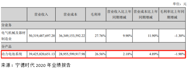 另外,寧德時代年報還顯示,其海外市場電池銷售收入2020年毛利率達到32.69%,而同期國內(nèi)市場毛利率只有26.84%。
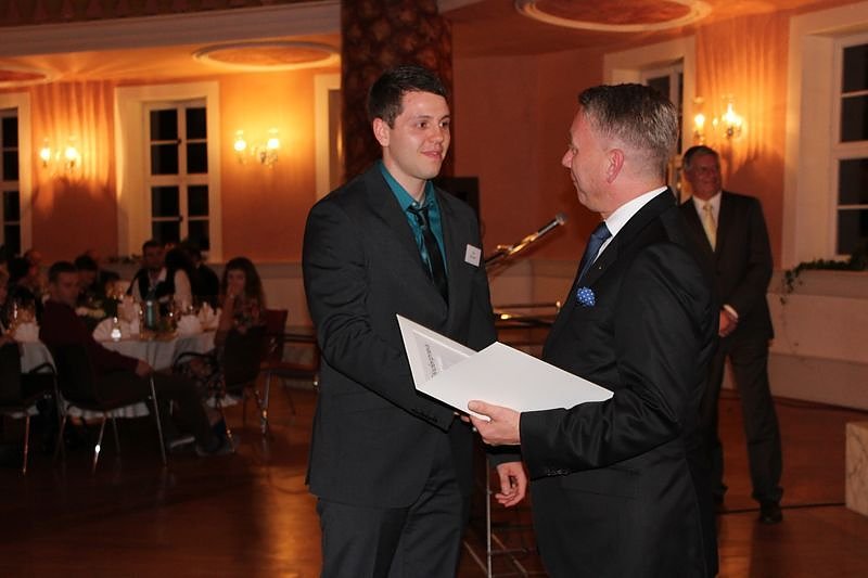 Industriekaufmann Stefen Sebert (aus Görsbach) von den Stadtwerken Sondershausen bedankte sich stellvertretend für alle Preisträger mit den Worten von Adolph Freiherr von Knigge; ,,Keine Wohltat ist größer als die des Unterrichtes und der Bildung. Wer jemals etwas dazu beigetragen hat, uns zu weiseren, besseren und glücklicheren Menschen zu machen, der müsste unseres
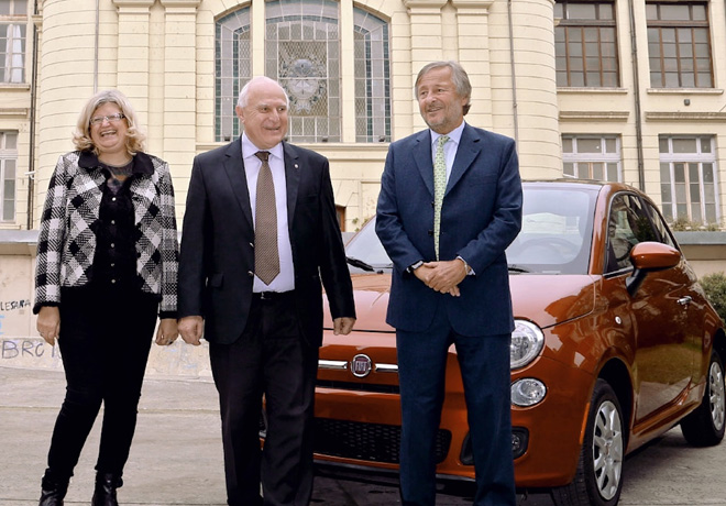 El Gobernador de Santa Fe, Miguel Lifschitz; la Ministra de Educación, Claudia Balagué, y el Presidente de FCA Automobiles Argentina, Cristiano Rattazzi, presidieron el acto en el que se firmó un acuerdo que contempla la actualización docente en el campo automotor de parte de la empresa y la donación de 2 unidades Fiat 500 para fines didácticos.

····················

= WHAT TO WORK ON =
Reproduce the material in full, word for word, and omit the pictures.

= PROBLEM SOLUTION =
 另外,寧德時代年報還顯示,其海外市場電池銷售收入2020年毛利率達到32.69%,而同期國內(nèi)市場毛利率只有26.84%。
 Industriekaufmann Stefen Sebert (aus Görsbach) von den Stadtwerken Sondershausen bedankte sich stellvertretend für alle Preisträger mit den Worten von Adolph Freiherr von Knigge; ,,Keine Wohltat ist größer als die des Unterrichtes und der Bildung. Wer jemals etwas dazu beigetragen hat, uns zu weiseren, besseren und glücklicheren Menschen zu machen, der müsste unseres
 El Gobernador de Santa Fe, Miguel Lifschitz; la Ministra de Educación, Claudia Balagué, y el Presidente de FCA Automobiles Argentina, Cristiano Rattazzi, presidieron el acto en el que se firmó un acuerdo que contempla la actualización docente en el campo automotor de parte de la empresa y la donación de 2 unidades Fiat 500 para fines didácticos.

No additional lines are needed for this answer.